Reputation: 545
I am trying to solve a 2-sum algorithm problem for Standford university online course on coursera. I need to find all distinct pairs x+y
in a list that sum to a value t
in a range [-10000 .. 10000]
. I know there more efficient implementations but I thought it would be a good time to try and do some Haskell parallel programming.
I have tried to implement parellelisation just by looping through half of the range in two different threads (which I think are called sparks). My code is the following:
module Main where
import Data.List
import qualified Data.Map as M
import Debug.Trace
import Control.Parallel (par,pseq)
main :: IO ()
main = interact run
range :: [Int]
range = [negate 10000..10000]
emptyMap :: M.Map Int Bool
emptyMap = M.fromList $ zip [] []
run :: String -> String
run xs = let parsedInput = map (read :: String -> Int) $ words xs
hashMap = M.fromList $ zip parsedInput (repeat True)

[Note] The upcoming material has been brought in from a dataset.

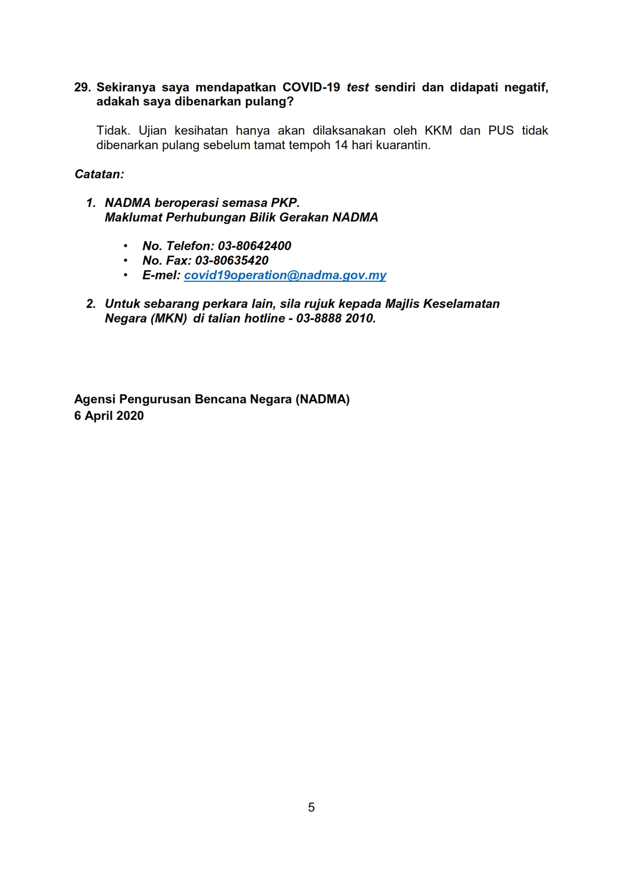 FAQ - Berkaitan Perintah Kawalan Pergerakan NADMA 06/04/2020 Aiman FAQ 07 April 2020 Jumlah paparan: 1680 Rating: ( 0 Rating ) Sila beri kadar Undi 1 Undi 2 Undi 3 Undi 4 Undi 5 /bencana2/images/ndcc/documents/covid19/faq/SIARAN_MEDIA_KKM_20200407_08.pdf Facebook Twitter Seterusnya Seterusnya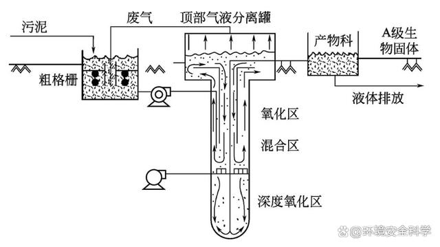 此工艺将3个独立的功能区放置在1个反应器内进行。井筒的最上部是第一级反应区,包括同心通风试管和用于混合液体循环的再循环带。在第一级反应区的下部是混合区,空气注入该区域,为空气循环提升提供动力。井筒的底部是第二级反应区域。该井式高压反应器井径为3m,井深一般约100m。

pcalc r = map (\t -> trace (show t) (countVals hashMap parsedInput t)) r
bot = pcalc (take (div (length range) 2) range)
top = pcalc (drop (div (length range) 2) range)
out = top `par` bot `pseq` (sum bot + sum top)
in show out
countVals :: M.Map Int Bool -> [Int] -> Int -> Int
countVals m ks t = foldl' go 0 ks
where go acum x = if M.lookup y m == Just True
&& y /= x
then 1
else acum
where y = t - x
You can see I have two variables top
and bot
which I am trying to calculate in parallel via
out = top `par` bot `pseq` (sum bot + sum top)
which is what I thought other stack overflow answers are recommending. However when I compile and run I only seem to see the trace from the bot
variable.
% stack ghc --package parallel -- -threaded Main.hs
[1 of 1] Compiling Main ( Main.hs, Main.o )
Linking Main ...
% ./Main +RTS -N8 < input.txt
-10000
-9999
-9998
-9997
-9996
...
Whereas I was expecting something like:
% ./Main +RTS -N8 < input.txt
-10000
0
-9999
1
-9998
2
-9997
-9996
...
Can someone help point out what exactly I am doing wrong? Thanks
Upvotes: 3
Views: 163
Reputation: 116139
Let's focus on this part:
bot = pcalc (take (div (length range) 2) range)
top = pcalc (drop (div (length range) 2) range)
out = top `par` bot `pseq` (sum bot + sum top)
Here, bot
and top
are lists. When we seq
, pseq
or par
a value we cause it to be evaluated; since Haskell is lazy, evaluation stops when the "weak head normal form" is reached, i.e. until the first constructor appears in the result. For list values, this means that they are reduced to either []
or unevaluatedHead : unevaluatedTail
.
Because of this, top `par` bot `pseq` ...
only parallelizes the evaluation of the first cell of the lists, and not their full contents. The whole lists will only get evaluated after pseq
when we sum them, but that is run on only one core.
To force the code to be parallel, we can parallelize the sums instead:
sumBot = sum bot
sumTop = sum top
out = sumBot `par` sumTop `pseq` sumBot + sumTop
Since evaluating the sums to WHNF requires evaluating the whole list, this should properly parallelize the computation.
Upvotes: 3